According to the data released by the Indian government on Tuesday, the economy grew by an impressive 8.8% during the quarter ended June on the back of robust manufacturing growth, as against 6% in the corresponding quarter of the last fiscal. Agriculture and allied activities grew by 2.8%, higher than 1.9% in the year-ago period. Manufacturing expanded by a strong 12.4% in April-June, 2010 against a mere 3.8% growth rate in the same period last year.
Nomura India said," We see downside risks to our GDP estimate of 9% y-o-y in FY11. Nomura's composite leading index is pointing towards a slowdown, suggesting that June may mark the peak quarterly GDP growth in FY11. We are currently reviewing our estimates with a mind to downgrade."
"The June quarter GDP growth of 8.8% was slightly below our estimate of 9%. Though agriculture growth was sluggish at 2.8% y-o-y, given the strong monsoons this year, we expect agriculture to revive in the next 3 quarters clocking full year growth of about 5%. The details on the expenditure side were slightly disappointing as private consumption and gross fixed capital formation growth was sluggish in real terms, though we expect private consumption growth to improve due to better rainfall and consequent moderating food inflation," said Ashutosh Datar, economist, IIFL.
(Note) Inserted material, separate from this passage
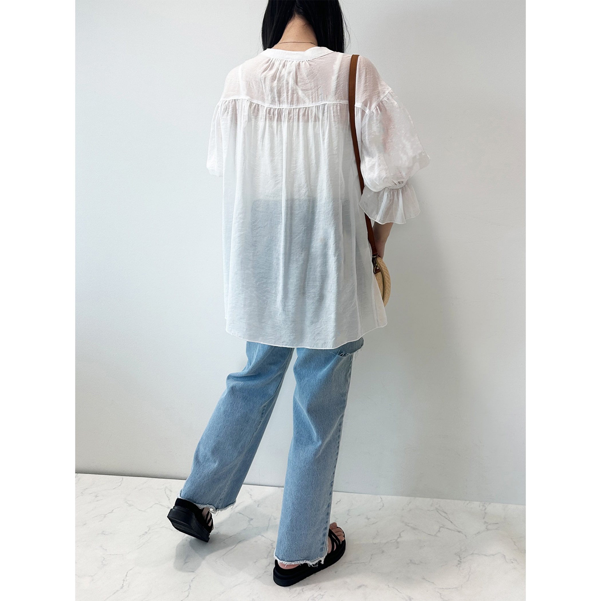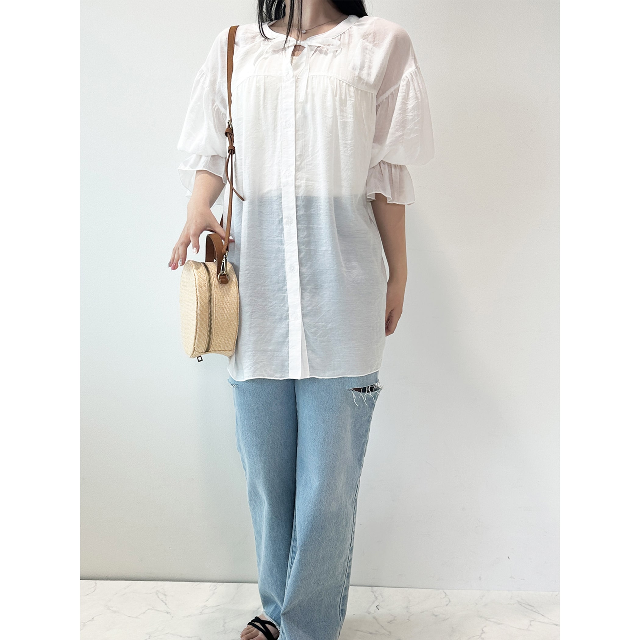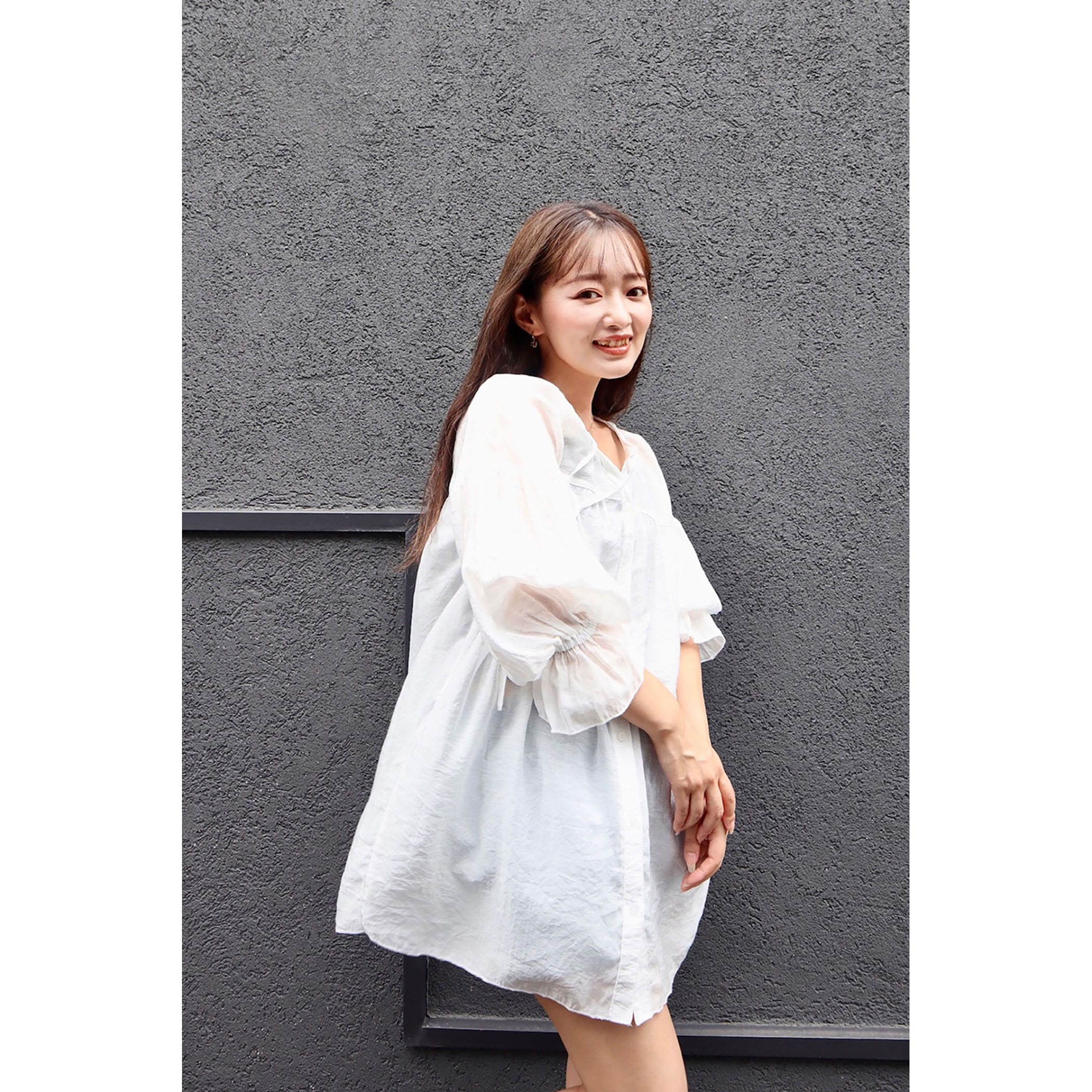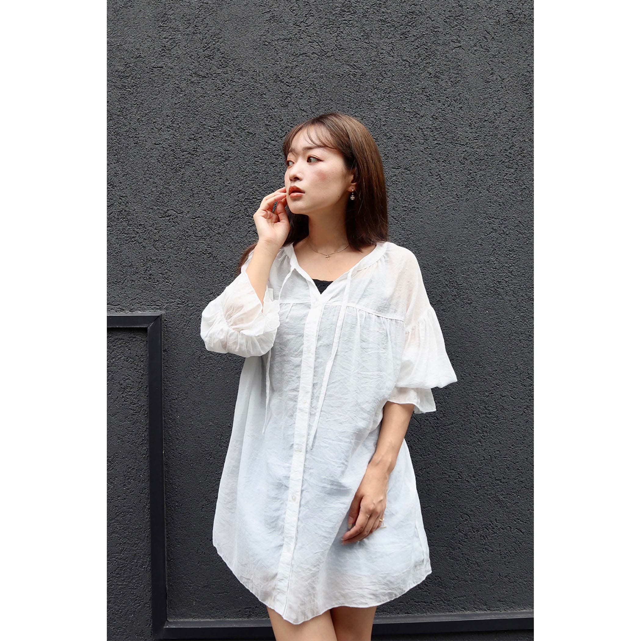 上品な透け感とふんわりとしたキャンディースリーブがフェミニンらしいチュニック丈ブラウス。甘めの雰囲気の商品ですが、カジュアルなカラー展開なので、スカートにもパンツにも合わせやすい一枚です。ドロップショルダーで大きめのシルエットなので、着用するだけで抜け感とこなれ感を持たせた雰囲気にコーディネートに仕上げてくれます。

According to a PTI report, Planning Commission deputy chairman Montek Singh Ahluwalia said that wholesale price inflation will fall to around 6% by December. Inflation had slid back to single-digits at 9.97% after five months in July. Food inflation, however, has been above 10% since the last week of July. "It is certainly true that with the growth being high there is no particular need for loosening monetary policy from the growth point of view," Mr Ahluwalia said.
The Reserve Bank of India (RBI) continues to describe managing inflation and anchoring inflation expectations as its policy priorities. "We expect non-food manufacturing inflation to remain sticky and strong job growth to encourage further demand-side pressures. However, we believe favourable base effects and moderation in growth momentum will have a tempering influence on the manufacturing sub-components, in line with the RBI's inflation expectations. We expect the RBI to hike the repo and reverse repo rates by 25 basis points (bps) on 16th September to take the rates to 6% and 4.75%, respectively," said Barclays Capital.